Мэтлок: «Горбачев по своей природе являлся одиночкой, и это делало для него тяжелым создание эффективного консультативного и совещательного органа. У него не было ни официального совета министров, ни «кухонного» кабинета в подлинном смысле. Были, конечно, советы разных типов, члены которых приходили и уходили, встречаясь с ним лишь время от времени. Но они никогда не превращались в эффективные совещательные органы по двум причинам. Во-первых, Горбачев часто собирал вместе людей, которые просто не могли вместе работать, и во-вторых, он никогда не использовал их как настоящие совещательные органы, с которыми постоянно консультируются и мнения которых воспринимают серьезно. Более того, он чаще всего говорил своим советникам, а не слушал их.
Общественная жизнь Горбачева была либо сугубо официальной, либо протекала исключительно в рамках его семьи. У него не было круга близких ему по духу людей, которые могли бы обеспечить связь, пусть даже призрачную, с широкой публикой. Раиса была единственным близким другом, и хотя она обеспечивала ему психологический комфорт, который поддерживал его в условиях постоянного стресса, она не могла обеспечить ширину и глубину подлинного совета, который мог дать более широкий круг советников. Более того, справедливо, что такие сомнительные помощники, как Валерий Болдин, сохраняли свои позиции лишь поддержанием добрых отношений с Раисой, не пытаясь критически подойти к ее суждениям.
Окружающие видели, что у него нет личных друзей за исключением его иностранных коллег. В 1991 году несколько советских официальных лиц говорили мне, что Горбачев чувствует себя более комфортно с иностранцами, чем с собственными гражданами. «Он ближе к президенту Бушу, государственному секретарю Бейкеру, чем к кому бы то ни было из нас. Вы можете говорить с ним более откровенно, чем можем мы. У него нет здесь близких друзей» 21.
Горбачев назначал на важнейшие посты людей третьего и пятого калибра. По мере того, как его власть увядала, он развил в себе аллергию на всякого, кто мог бы блеснуть талантом в общественных глазах более ярко, чем его тускнеющий образ. В результате он приблизил Янаева и Павлова. Их неэффективность способствовала его падению.
Американское посольство, с восторгом сообщая о диком саморазоблачении, развернувшемся в СССР с 1986 г., отметило, что вождь перестройки не допускает в ставшей феноменально критической прессе только один сюжет: критику самого себя. Не верящие своим глазам граждане читали о Советской Армии как о «гадине» (таким было название огромной статьи о национальной армии в «Московских новостях»), но Горбачев категорически не выносил критических оценок в свой адрес. В октябре 1989 года газета «Аргументы и факты» (детище Яковлева) в предельно краткой статье отметила, что в стране Сахаров более популярен, чем Горбачев. И это в газете, чей тираж взмыл до 34 миллионов экземпляров. Генеральный секретарь был в ярости. 13 октября 1989 года всех главных редакторов вызвали «на ковер» в ЦК КПСС. Главному редактору «Аргументов и фактов» Старкову предложили пост редактора международного журнала в Праге или Бюллетеня Верховного Совета. В 1992 году Старков сказал (тогда уже бывшему) послу Мэтлоку: «Если вы возложите достоинство продвижения гласности на Горбачева, то оскорбите всех тех, кто сражался с ним за эту гласность» 22.

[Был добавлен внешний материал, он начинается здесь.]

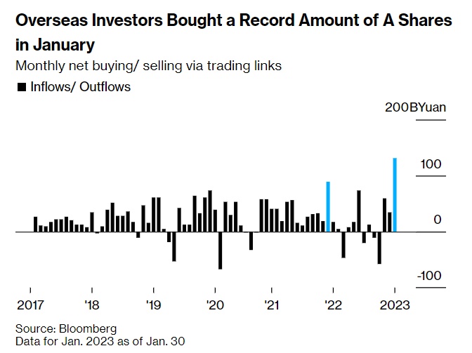 智通财经APP获悉,外国投资者正在大举重返中国股市,仅在1月份就抢购了比2022年全年还要多的股票。尽管有为期一周的假期,但通过与香港的交易联系,本月境外基金仍净增持了1311亿元人民币(合194亿美元)在沪深上市的股票。根据汇编的回溯至2017年的数据,这比此前的月度记录高出了近50%。
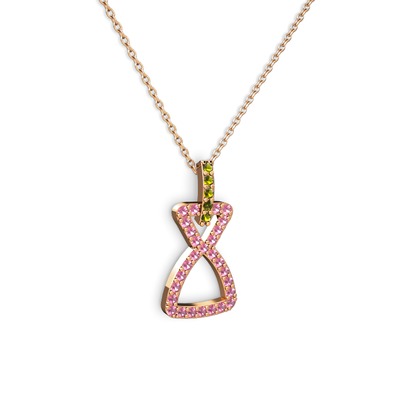 Peridot ve pembe kuvars 14 ayar rose altın kolye (40 cm rose altın rolo zincir)

С другой стороны, посол Мэтлок с самого начала был уверен в крахе экономического импровизаторства Горбачева. И чем дальше, тем больше. Он так и сообщал свой прогноз в Вашингтон. Мэтлок полагал также, что Горбачев «кажется почти
36
слепым в отношении реальных сил, стоявших за этнической и национальной агитацией… Либо он не знал, либо не хотел знать о проявлениях национальных чувств — русских и нерусских. Он хотел чего-то небывалого: добровольно ему дарованного имперского контроля» 23.
Оказывается, в контактах с Бушем и Бейкером Горбачева больше всего беспокоило выражение «западные ценности». Советскому президенту было обидно, что бывают ценности, к которым он не приобщен. Идя навстречу этому предубеждению, президент Буш предложил впредь употреблять выражение «демократические ценности» 24. Горбачев был счастлив. Именно в это время, оценив мыслительный процесс противника, президент Буш (20 февраля 1990 г.) пишет канцлеру Колю: «У нас появились шансы выиграть эту игру, но нужно вести дело умно». Речь, разумеется, шла о воссоединении Германии.